Discours de Hubert Dupuis, président, lors de l'AGA de la SANB
25 septembre 2009

Je vous suis très reconnaissant de me donner le privilège de vous parler d’Égalité santé en français Nouveau-Brunswick.  Je suis particulièrement heureux du fait que la SANB ait choisi le thème « L’égalité réelle maintenant » pour son assemblée générale annuelle.  Ce thème est une question… c’est un souhait… c’est un sujet de discussion très important et d’actualité qui mérite d’être débattu…

Je dois vous dire qu’en santé, malheureusement, l’égalité est loin d’être une réalité.  Nous avons beaucoup de travail à faire pour que l’égalité entre la communauté anglophone et la communauté francophone devienne une réalité dans le domaine de la santé.  Si vous avez vu notre dépliant, vous aurez constaté que les communautés anglophones desservies par la régie anglophone, la Régie B, offre seize services tertiaires, alors que les communautés francophones, sous la régie bilingue, la Régie A, offre quatre services tertiaires.  Est-ce que ça, c’est l’égalité réelle ?

 

Les communautés francophones sont desservies par une régie bilingue, qui dessert une région dont la population est composée de 55 % de francophones et 45 % d’anglophones.  La Régie A communique à ses hôpitaux et à ses employés en anglais et en français ou en anglais seulement et la Régie B communique à ses hôpitaux et à ses employés en anglais.  Est-ce que ça, c’est l’égalité réelle ?

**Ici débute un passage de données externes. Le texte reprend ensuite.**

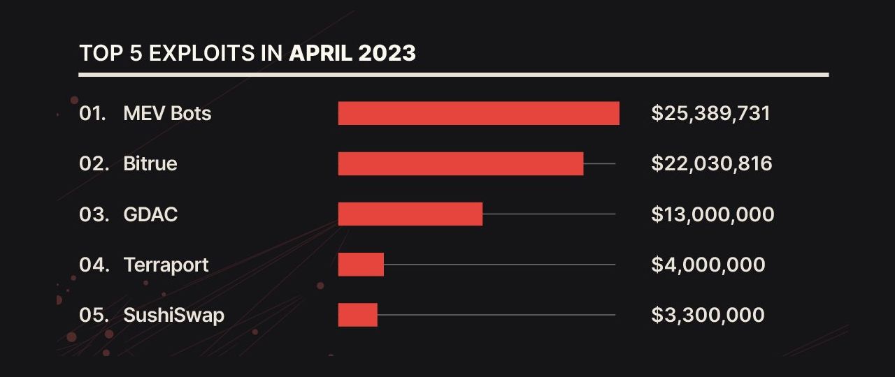 The single largest attack was that of MEV Bots, which suffered $25.3 million in losses due to an exploit. Bitrue and GDAC followed with $22 million and $13 million, also because of exploits.
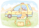 The cat is in the cab.

Avec sa réforme de la santé, le gouvernement de Shawn Graham a aboli une institution francophone importante pour toute la communauté acadienne du Nouveau-Brunswick, soit la Régie régionale de la santé Beauséjour, pour la remplacer par une Régie bilingue.  Les Acadiennes et les Acadiens du Nouveau-Brunswick ont tous perdu une de leurs institutions importantes dans le domaine de la santé.  Gérald Savoie, le président-directeur de l’Hôpital Montfort, qui était au Nouveau-Brunswick au début septembre, a dit lors de son passage : « Dès qu’on démolit une institution francophone, on s’attaque à quelque chose de fondamental.  Sans institution il n’y a plus de communauté. »  Nous possédons déjà assez peu d’institution que dès que nous en perdons une, c’est un énorme recul dans le développement et l’épanouissement de notre communauté !  Pouvons-nous laisser disparaître une de nos institutions, pour laquelle nos prédécesseurs ont travaillé tellement fort, et accepter de reculer dans notre développement collectif, sans nous battre ?  Nous, les membres d’Égalité santé en français, avons répondu « NON » à cette question et c’est pourquoi nous menons une contestation judiciaire contre le gouvernement Graham. 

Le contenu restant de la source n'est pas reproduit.